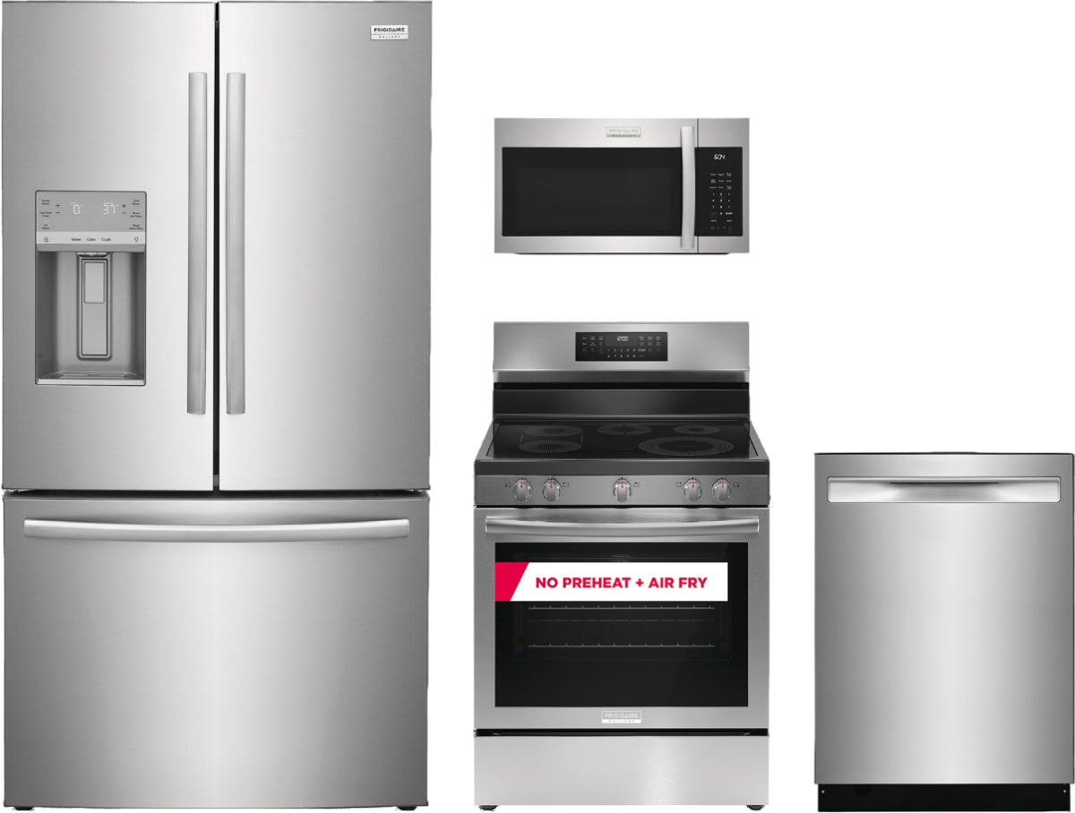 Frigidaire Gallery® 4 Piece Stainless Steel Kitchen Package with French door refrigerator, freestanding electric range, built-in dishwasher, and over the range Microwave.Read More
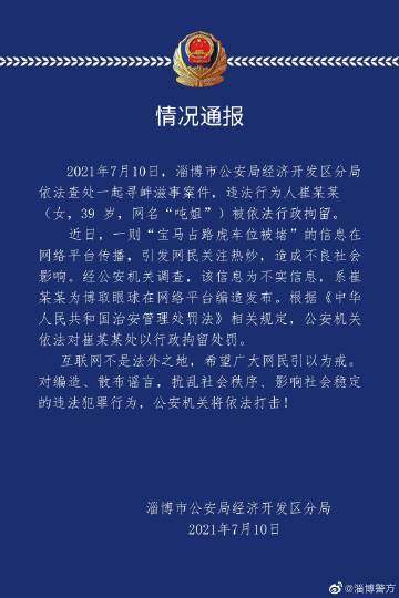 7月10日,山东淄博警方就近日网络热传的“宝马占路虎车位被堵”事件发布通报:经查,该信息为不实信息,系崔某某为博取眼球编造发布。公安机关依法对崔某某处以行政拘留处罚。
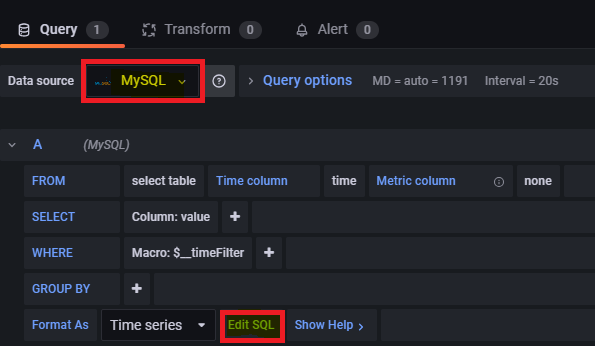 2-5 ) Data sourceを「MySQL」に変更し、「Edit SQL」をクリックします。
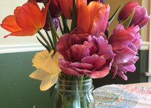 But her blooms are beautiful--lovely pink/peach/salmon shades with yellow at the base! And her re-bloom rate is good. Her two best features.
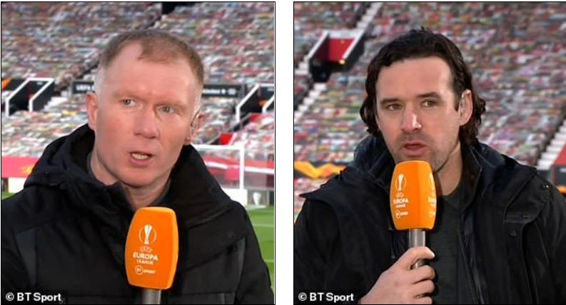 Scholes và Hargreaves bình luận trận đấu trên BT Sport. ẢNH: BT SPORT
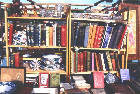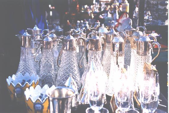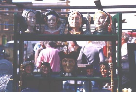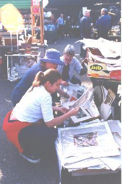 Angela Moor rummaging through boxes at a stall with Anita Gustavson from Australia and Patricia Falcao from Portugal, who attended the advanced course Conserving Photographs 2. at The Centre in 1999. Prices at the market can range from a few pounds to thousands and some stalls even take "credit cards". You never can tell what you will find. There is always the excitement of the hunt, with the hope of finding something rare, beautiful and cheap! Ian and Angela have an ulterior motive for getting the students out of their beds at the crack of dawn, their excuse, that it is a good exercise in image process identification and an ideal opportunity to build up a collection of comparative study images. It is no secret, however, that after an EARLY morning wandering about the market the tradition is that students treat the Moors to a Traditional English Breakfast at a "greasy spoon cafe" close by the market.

———

▶ [Required work]: Pictures are to be omitted; otherwise, every line from the first line of the listing through the line containing "2-5 ) Data sourceを「MySQL」に変更し、「Edit" must be reproduced exactly, both ends included.

▶ [Completed task]:
 Frigidaire Gallery® 4 Piece Stainless Steel Kitchen Package with French door refrigerator, freestanding electric range, built-in dishwasher, and over the range Microwave.Read More
 7月10日,山东淄博警方就近日网络热传的“宝马占路虎车位被堵”事件发布通报:经查,该信息为不实信息,系崔某某为博取眼球编造发布。公安机关依法对崔某某处以行政拘留处罚。
 2-5 ) Data sourceを「MySQL」に変更し、「Edit SQL」をクリックします。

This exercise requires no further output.